Libérés du désir, nous sommes rendus à la présence.
[...] ce temps retrouvé qu’elle nous donne, cette présence exceptionnelle où elle nous rend ce moment, nous ne sommes plus portés par le désir vers autre chose, nous sommes rendus à nous-mêmes ou à l’autre peut-être, mais en tout cas au présent.

Je trouve ici les prémisses de ce qui deviendra, par approfondissement, la définition de l'amour dans L'Inauguration de la salle des Vents : une parfaite présence à l'autre. Que la définition de l'amour trouve ses racines dans le moment où nous sommes délivrés du désir rend malgré tout perplexe; donc soit je me trompe en trouvant dans ces quelques remarques sur Chostakovitch les prémisses de la définition de l'amour, soit il faut lire dans cette délivrance par rapport au désir la possibilité d'enfin s'oublier soi-même pour être parfaitement disponible à l'autre.

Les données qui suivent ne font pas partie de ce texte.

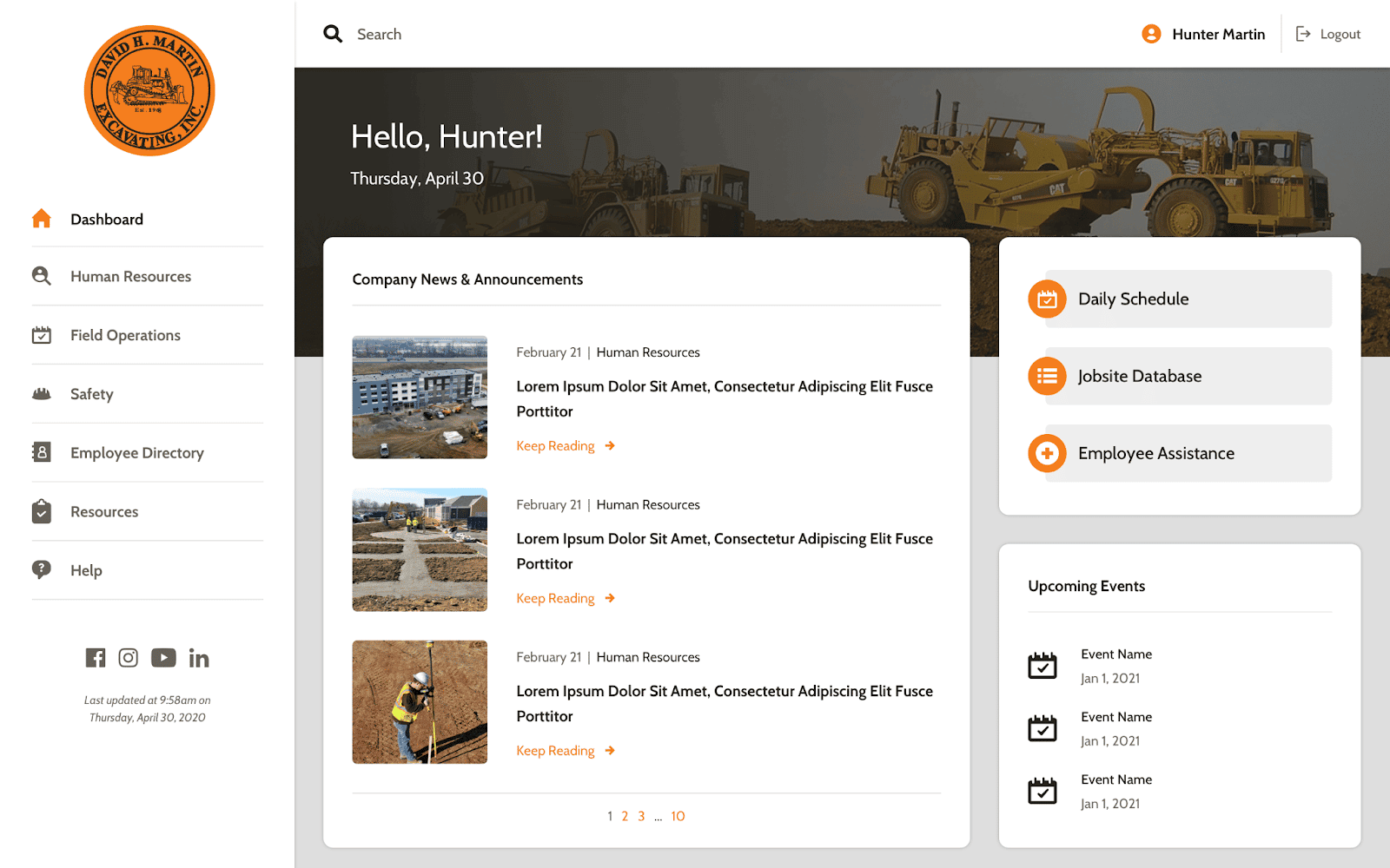 David H. Martin Excavating, Inc. is a client we’ve worked with on several projects throughout the years including their website, brand video production, and this example of a company intranet.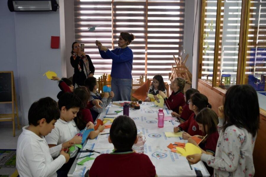 İlk olarak Süleyman Demirel İlkokulu öğrencilerine kağıt hamuru atölyesi gerçekleştirildi. Atölye Koza – Sema Yüksek liderliğindeki atölye kağıt hamuru ile dönüşüm etkinliği gerçekleştirip, çocuklara atölye sonunda yaptıkları objeler armağan edildi. Öğleden sonra ise Nurdan ve Ahmet Orhan Oğuz İlkokulu öğrencileri ile kolaj çalışması gerçekleştirildi. Atölye liderimiz Parya Başkurt çocuklara geri dönüşümü anlattı ve çalışmalarında liderlik yaptı.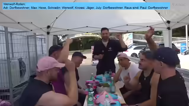 02:15:52Es wird beschlossen, eine Runde Werwolf zu spielen, wobei die Mods gebeten werden, die Rollen im Chat aufzuschreiben und anzupinnen. Die Lieblingspositionen im Werwolf-Spiel werden diskutiert, wobei die Hexe und die Reinigungskraft erwähnt werden. Die Reinigungskraft wird als Dorfbewohner beschrieben, der eine Person mit einem nassen Lappen reinigt. Es wird über die Rollenverteilung und die Spielregeln diskutiert, darunter ein Werwolf, eine Hexe und ein Jäger. Die erste Nacht beginnt, und der Werwolf wählt ein Opfer. Die Hexe erwacht und entscheidet, ob sie die Person wiederbelebt oder jemanden umbringt. Am Tag erwachen alle, bis auf Paul, der gestorben ist. Es folgt eine Diskussion darüber, wer der Werwolf sein könnte, wobei verschiedene Personen verdächtigt werden. Schließlich wird Schradin als Werwolf entlarvt. Eine weitere Runde Werwolf wird gestartet, wobei die gleichen Rollen wie zuvor verteilt werden. Es wird über die Möglichkeit einer Reinigungskraft und eines Wächters diskutiert.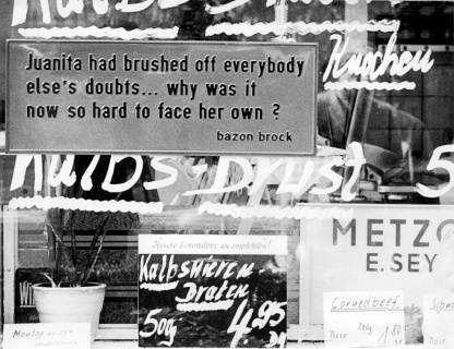 Literaturblech „Juanita had brushed off everbody else's doubts ... why was it now so hard to face her own?“, Bild: Theoretisches Objekt 1967 © Günter Rambow (ohne Jahr).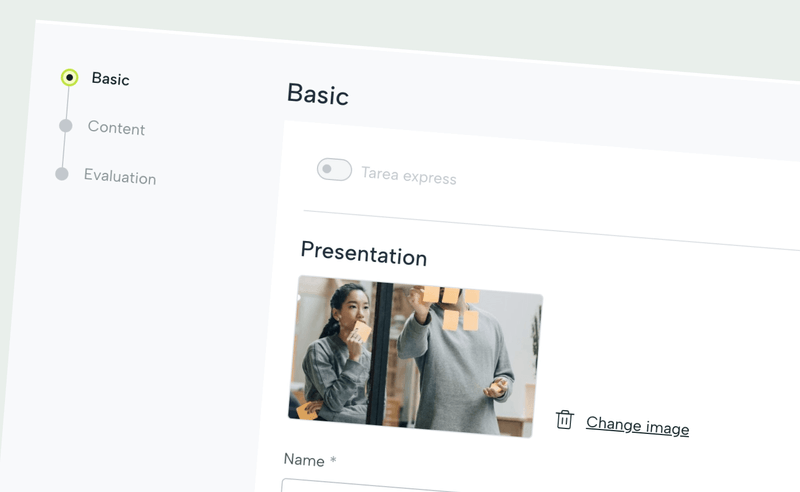En la ventana de creación de tareas o actividades, avanzaremos por tres secciones: básica, contenido y evaluación. A lo largo del proceso y en función de las opciones que activemos, pueden aparecer nuevos pasos.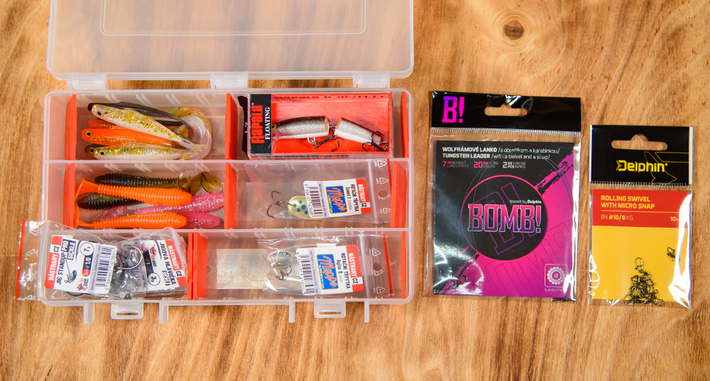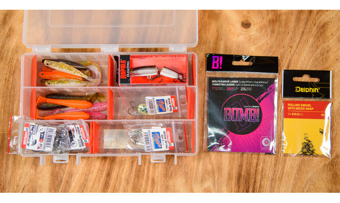 17 nástrah, 15 jigovek, 1 wobler, 2 rotačky a 2 wolframové lanka.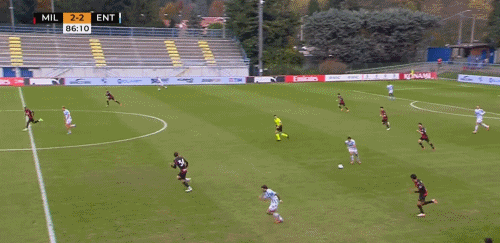 第87分钟,波尔塔诺瓦长途奔袭送助攻,德贝内代蒂推射反超比分,米兰2-3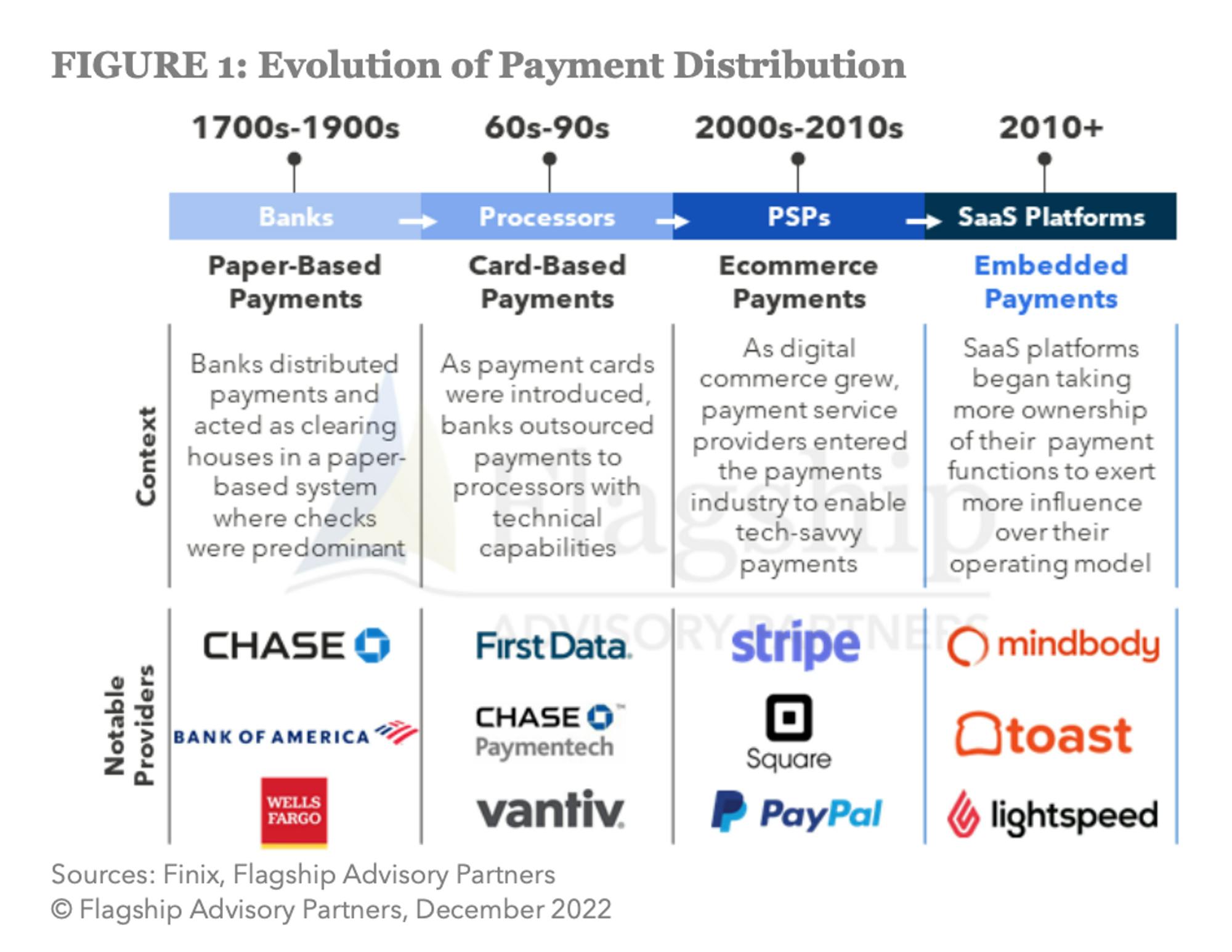 The transition from analog to digital and from banks to technology companies has created a tailwind for a large set of tech-enabled players. One of the most evident within these broad trends is the growth of integrated payments. Many software companies are leveraging their prominent and data-rich relationship with merchants to take over the payments acceptance function. As a result, software vendors are expected to represent $154 billion or 54% of North American payment revenue by 2027, and software companies are integrating payments into their core value proposition across sectors. By embedding payment capabilities into their core offerings and owning more of the transaction, they’re able to capture more value while also providing a more seamless experience to customers.

Le présent, c'est aussi pour Pascal le moment, le seul, pour être heureux:

Nous ne nous tenons jamais au temps présent. Nous anticipons l'avenir comme trop lent à venir, comme pour hâter son cours, ou nous rappelons le passé pour l'arrêter comme trop prompt, si imprudents que nous errons dans les temps qui ne sont point les nôtres, et ne pensons point au seul qui nous appartient, et si vains que nous songeons à ceux qui ne sont rien, et échappons sans réflexion le seul qui subsiste.
[...] Que chacun examine ses pensées. Il les trouvera toutes occupées au passé ou à l'avenir. Nous ne pensons presque point au présent, et si nous y pensons ce n'est que pour en prendre la lumière pour disposer de l'avenir. Le présent n'est jamais notre fin. Ainsi nous ne vivons jamais, mais nous espérons de vivre, et nous disposant toujours à être heureux, il est inévitable que nous ne le soyons jamais.
Blaise Pascal, Pensées Brunschvicg 172, Lafuma 47

Pour Pascal comme pour L'Inauguration, il est terrible de constater que nous laissons filer entre nos doigts la seule chose qui nous appartienne et que nous tenons, le présent, au profit de chimères. Il est terrible de constater que nous préférons toujours ce que nous n'avons plus ou pas encore aux dépens de ce que nous avons. Nous comprenons ici pourquoi se libérer du désir est le préalable indispensable à la saisie, à l'occupation, du présent.

auxquels nous ne pensons pas à penser parce que nous nous disons que nous aurons toujours le temps de nous interroger là-dessus et parce que le défaut d'interrogation ne tient pas à la distance mais au contraire à la proximité eh bien de même exactement de la même façon la vie tout court à nos côtés ne nous paraît pas mériter l'attention la passion la curiosité l'effort de perception d'appréhension d'adhésion d'adhérence ne pas appartenir à ce registre de l'attention de la du de de puisqu'elle est là tout offerte à chaque instant disponible atteignable enveloppante dépourvue de la moindre forme et alors cette inattention qu'elle nous suggère ce défaut de présence à la présence de coprésence au temps d'habitation résolue claire joyeuse virile déterminée toutes fenêtres ouvertes à la lumière pascale de l'instant qu'elle provoque par son défaut de résistance de consistance de forme de moins de plus de structure de cadre de de de de c'est la mort qui c'est justement la mort qui mais bon.